The GBP/USD currency pair continued trading higher on Friday, although the dollar avoided substantial losses this time. Even though one day without a complete dollar collapse may seem significant, it does not alter the larger perspective. As long as Donald Trump continues to escalate global tensions, there is little hope for the dollar. Of course, we must remember that we are dealing with Trump. At any moment, the U.S. President could cancel all tariffs, declare victory, and end the conflict. Perhaps only China would be spared such a turnaround. At the same time, Trump could just as easily escalate the trade war even further.
Unfortunately, it's impossible to predict Trump's actions. Forecasting Trump's behavior may be the most impossible task. And since all market movements now depend on Trump, they're just as unpredictable. On Friday, alongside the surprising news of a tariff hike on China to an astounding 145%, the UK also released reports on industrial production and GDP. While these aren't the most crucial data points (especially now), they still supported the British pound. Meanwhile, the dollar continues to hit new lows almost daily.
Many trading signals were generated on Friday, but most were imprecise and random. The market is currently experiencing very strong movements, which is why so many signals appear. However, these signals aren't forming due to strong levels or technical setups but rather due to chaotic news flow and erratic price action. The first signal on Friday near the 1.2981–1.2987 zone was truly notable—after that, it turned into a rollercoaster.
COT (Commitments of Traders) reports on the British pound show that commercial traders' sentiment has constantly shifted in recent years. The red and blue lines, representing net positions of commercial and non-commercial traders, frequently cross and often stay close to the zero line. They're also close together, suggesting a roughly equal balance between long and short positions.
On the weekly time frame, the price initially broke through the 1.3154 level, then breached the trendline, returned to 1.3154, and bounced off. Breaking the trendline suggests the pound is likely to continue declining, and the bounce off 1.3154 increases the chances of this bearish scenario. On the weekly chart, everything again points to the pound preparing for a downward move.

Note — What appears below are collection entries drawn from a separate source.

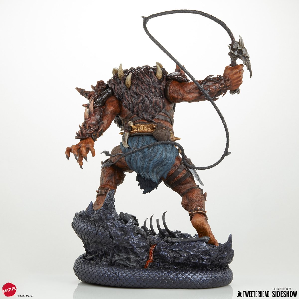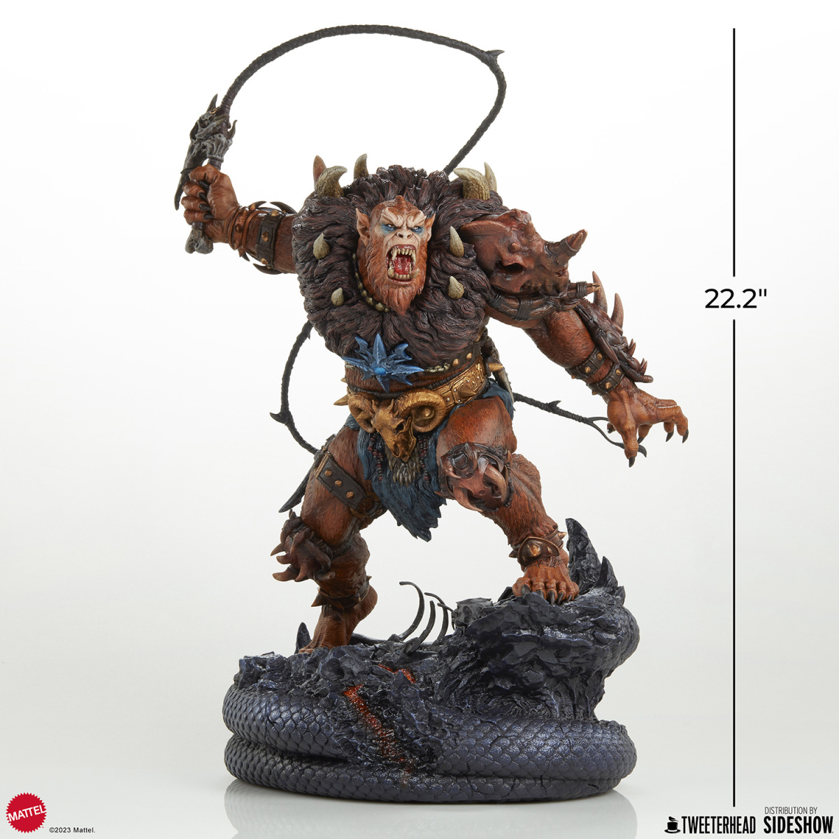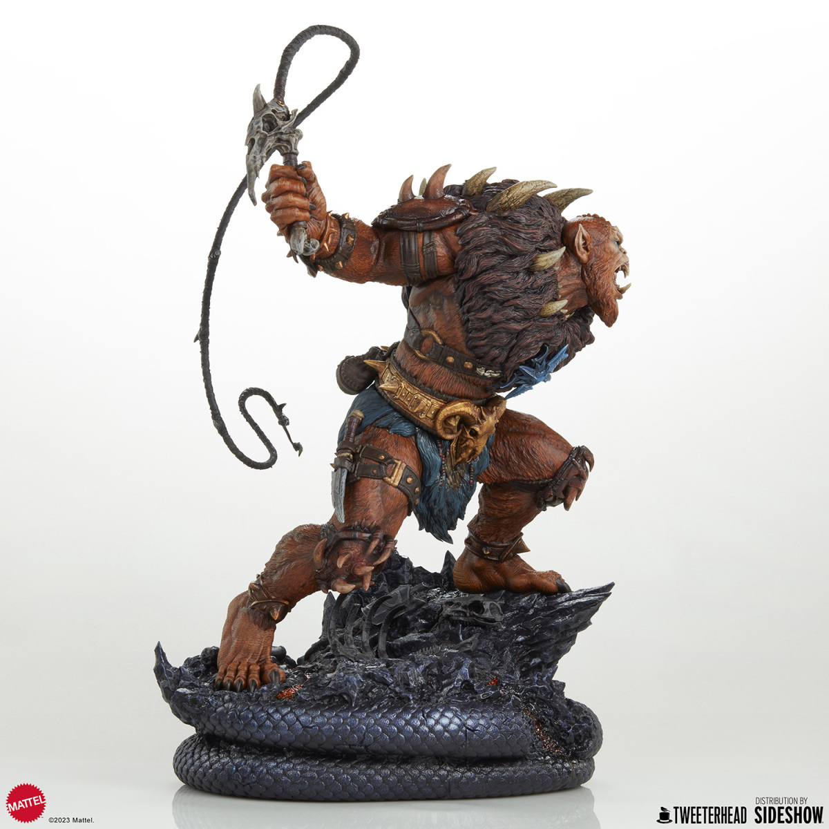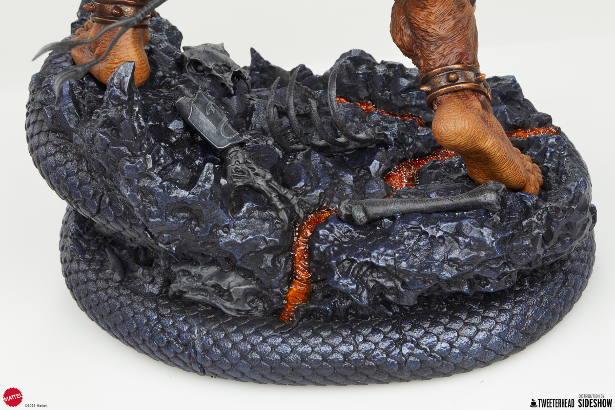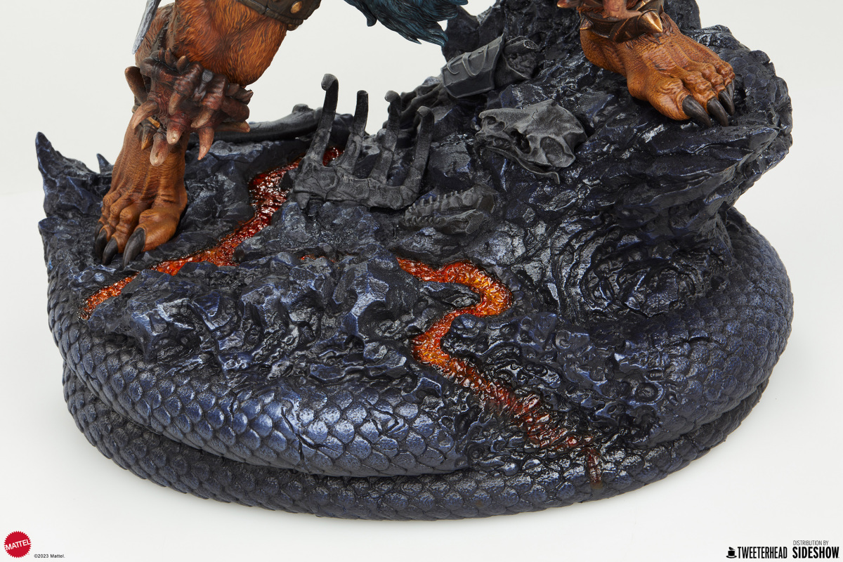 本作高約 56 公分,打造出獸人手持長鞭的怒吼造型,從濃密的鬃毛、壯碩的肌肉線條、動物頭骨製成的左肩甲,到利用動物骨頭打造的小刀、長鞭都傳達出濃厚的原始氣息,漆黑的利爪、經過細緻塗裝的腰帶與帶刺手環,以及標誌性的指南針都施以高度造型力!頭雕還有復古、現代兩種風格可以更替,底座是依照劇中經典場景「蛇山 (Snake Mountain) 」為題打造,好帥啊!
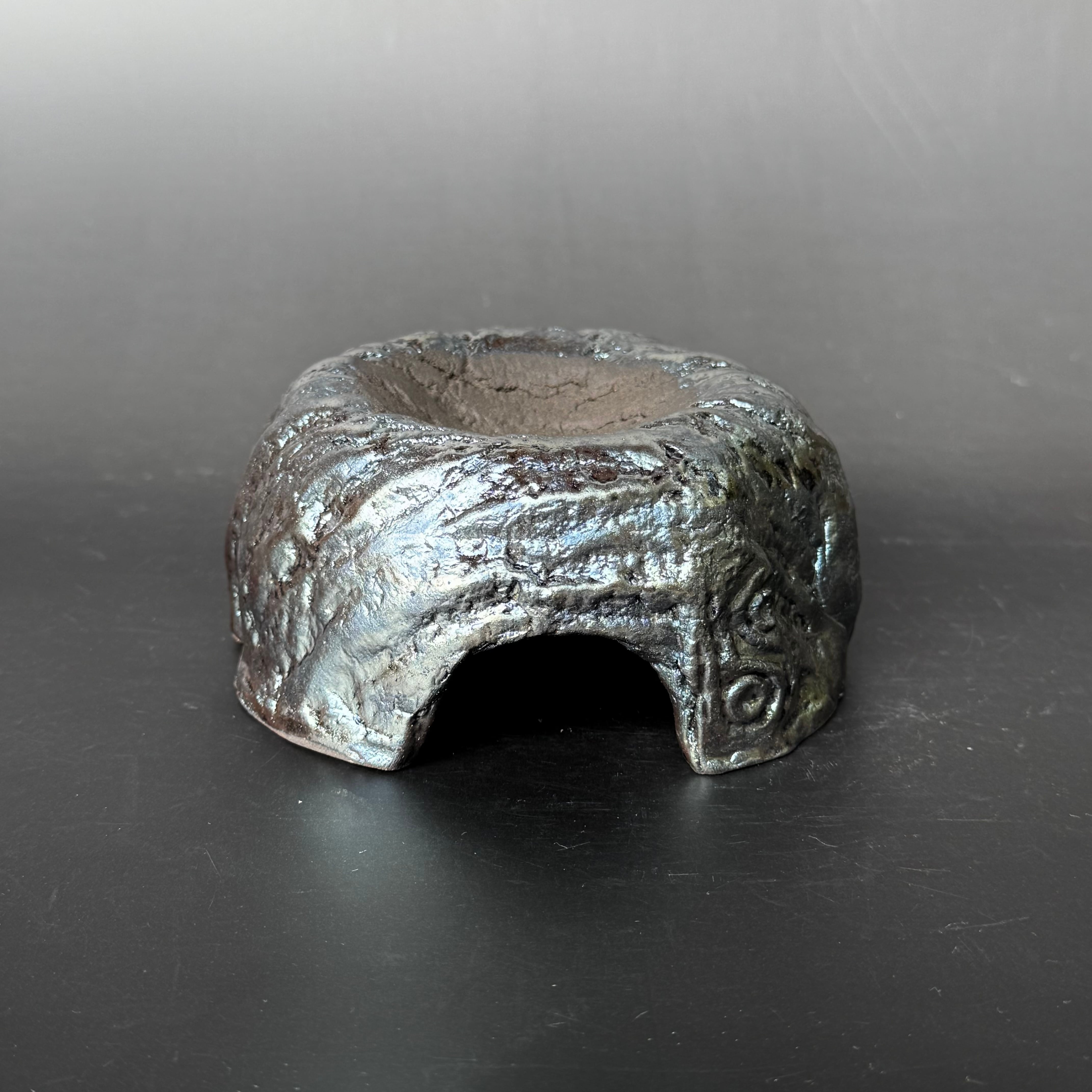 レオパードゲッコー(ヒョウモントカゲモドギ)やニシアフリカトカゲモドキ、その他トカゲ、ヤモリ、ヘビ等の爬虫類や両生類の保湿用に使えるウェットシェルターを想定し作陶しました。上部の凹部に水を入れることができます。この部分は、高温の焼き締め(釉薬無施釉)で、ゆっくりと水分が浸透しシェルター内の湿度をあげる効果があります。半日くらいかけてシェルター内部の天井が湿り始めます。水は季節にもよりますが、3日から5日ほど持ちます。また内側には釉薬(砂金釉)をかけ、乾き過ぎないように配慮しました。高温での焼成で焼きしまっているためカビなども繁殖しずらいと思います。
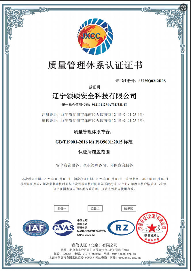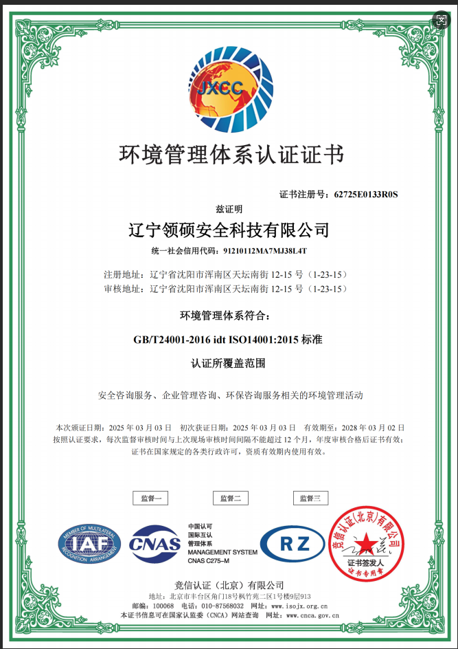 遼寧領(lǐng)碩安全科技有限公司位于遼寧省沈陽(yáng)市渾南區(qū)天壇南街12-15號(hào),注冊(cè)資金300萬(wàn)。主要經(jīng)營(yíng)范圍為遼寧省范圍內(nèi)的安全環(huán)保咨詢(xún),生產(chǎn)安全事故應(yīng)急預(yù)案技術(shù)服務(wù)、企業(yè)雙重預(yù)防機(jī)制建立、履職能力評(píng)估、企業(yè)科研項(xiàng)目安全部分服務(wù)等的技術(shù)服務(wù)機(jī)構(gòu)。現(xiàn)有員工12人,其中包括5名遼寧省級(jí)安全生產(chǎn)專(zhuān)家。成立于2022年4月18日,在盤(pán)錦市成立至今已經(jīng)為30余家企業(yè)提供了安全環(huán)保技術(shù)咨詢(xún)。 業(yè)務(wù)范圍包括:技術(shù)服務(wù)、技術(shù)開(kāi)發(fā)、技術(shù)咨詢(xún)、技術(shù)交流、技術(shù)轉(zhuǎn)讓、技術(shù)推廣,安全咨詢(xún)服務(wù),環(huán)保咨詢(xún)服務(wù),標(biāo)準(zhǔn)化服務(wù),企業(yè)管理咨詢(xún),科技中介服務(wù),工程管理服務(wù),特種作業(yè)...查看更多
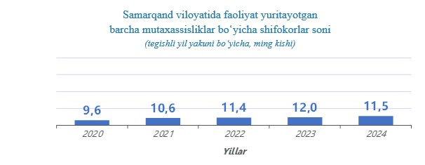 2024-yil yakuniga koʻra, Samarqand viloyatida faoliyat yuritayotgan barcha mutaxassisliklar boʻyicha shifokorlar soni 11,5 ming kishini tashkil etdi va 2023-

According to the latest COT report on the British pound, the "non-commercial" group closed 13,200 BUY contracts and opened 4,000 SELL contracts. This means the net position of non-commercial traders has declined for the second week, this time by 17,200 contracts.
The fundamental backdrop still offers no justification for long-term pound purchases, and the currency remains at real risk of continuing a global downtrend. The pound has gained significantly lately, but the sole reason is Donald Trump's trade policy.
In the hourly time frame, the GBP/USD pair showed a massive rally following nearly a month-long flat phase, then suffered a sharp decline, and is now rising again. However, this renewed strength has little to do with the pound itself—it reflects the falling U.S. dollar triggered by Trump's actions. Chaos, panic, and uncertainty still dominate the market, which should be considered when opening positions.
For April 14, we highlight the following important levels: 1,2511, 1,2605-1,2620, 1,2691-1,2701, 1,2796-1,2816, 1,2863, 1,2981-1,2987, 1,3050, 1,3119, 1,3175, 1,3222, 1,3273, 1,3358. Senkou Span B (1.2956) and Kijun-sen (1.2925) lines can also be sources of signals. These Ichimoku indicator lines may shift during the day and should be adjusted accordingly. Stop loss orders should be set to break even once the price moves 20 pips in the correct direction. This helps protect against potential losses if the signal turns out to be false.
No crucial reports or events are scheduled for Monday in the UK or the U.S., but Trump-related news could emerge anytime. Soon, we might see actual trade negotiations with some countries, which could ease market tensions and help the dollar recover—at least slightly. It's safe to say that no one denies how much the U.S. currency has lost in recent months.